Angus Bell, ministre du cricket à Montréal

Publié le

Angus Bell, un Écossais installé à Montréal, se considère comme le ministre du cricket. On le voit dans le complexe sportif qu'il a aménagé pour la pratique de sports orphelins.
Angus Bell, un Écossais installé à Montréal, se considère comme le ministre du cricket.   Photo : CBC

Angus Bell est un Écossais passionné de cricket. C'est par amour qu'il est venu s'établir à Montréal, après avoir pratiqué son sport un peu partout dans le monde. En constatant le manque d'installations pour ceux qui voulaient y jouer au Québec, il a fait aménager un terrain extérieur à Otterburn Park, aujourd'hui considéré comme l'un des trois plus beaux en Amérique du Nord. Il raconte l'histoire de ce sport et le parcours qui a nourri cette passion.

Angus Bell se considère comme « le ministre du cricket » dans la région de Montréal, avec raison. En plus du Candy Fields (nommé en l’honneur de sa femme) au pied du mont Saint-Hilaire, il a ouvert une salle de 14 000 pieds carrés près du Marché central, où sont pratiqués ce qu’il appelle les sports orphelins, comme le quidditch, le boulingrin, le soccer bulle et le cricket.

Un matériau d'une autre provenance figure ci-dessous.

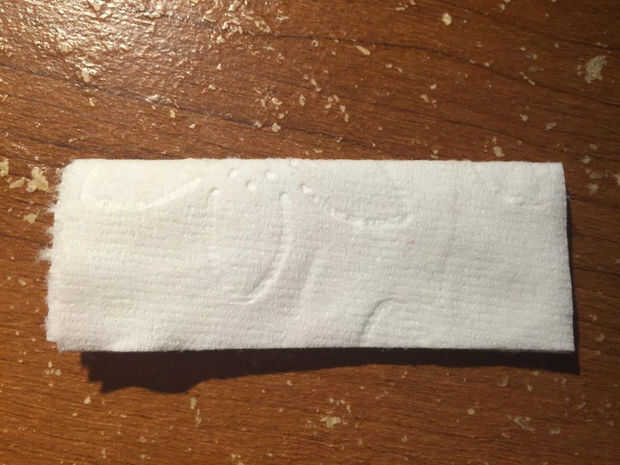 Usar una pequeña cinta para pegar los extremos del pañuelo de papel para hacer más fácil el siguiente paso.

Il y a 25 équipes de cricket et 1000 joueurs à Montréal.

Angus Bell

Un sport méconnu au Québec
Il ne faut pas confondre cricket et croquet. « Le cricket, c’est comme la balle molle sur les stéroïdes, explique Angus Bell. Au baseball, il y a un frappeur. Au cricket, il y en a deux. Il y a deux buts au centre du terrain, et vous pouvez frapper la balle n’importe où. Ce sont des matchs de trois ou six heures, et les meilleures équipes du monde jouent même des matchs de quatre ou cinq jours. »

Voyage vers l'est
Plus jeune, quand il a compris qu’il n’était pas assez bon pour jouer professionnellement en Angleterre ou en Écosse, Angus Bell a décidé de voyager pour cultiver sa passion. « J’ai découvert le cricket des pays de l’est, comme l’Ukraine et la Slovaquie. J’ai joué en Croatie à côté des champs de mines, dans un entrepôt d’explosifs en Estonie et dans des stationnements de Biélorussie. J’ai formé la première équipe nationale de Serbie », dit celui qui a joué au cricket dans 43 pays.

Le cricket pour tous
Dans ses installations sur l’île de Montréal et la Rive-Sud, tout le monde est bienvenu. « Il y a beaucoup de débutants et des gens de différentes nationalités qui jouent. Ce sont les Nations unies ici », plaisante l’Écossais, en mentionnant qu’il y a beaucoup de Syriens, de gens de l'Inde et des Caraïbes, de Pakistanais et d’Australiens qui vivent dans les environs.

C’est le deuxième sport le plus populaire dans le monde. Plus d’un milliard de gens suivent le cricket.

Angus Bell

Le cricket dans l’histoire
« Ce n’est pas très connu, mais le cricket a été déclaré premier sport national du Canada par sir John A. Macdonald », mentionne Angus Bell. Celui-ci a même trouvé dans des archives un article qui dit que le parlement de Québec a été construit sur un ancien terrain de cricket.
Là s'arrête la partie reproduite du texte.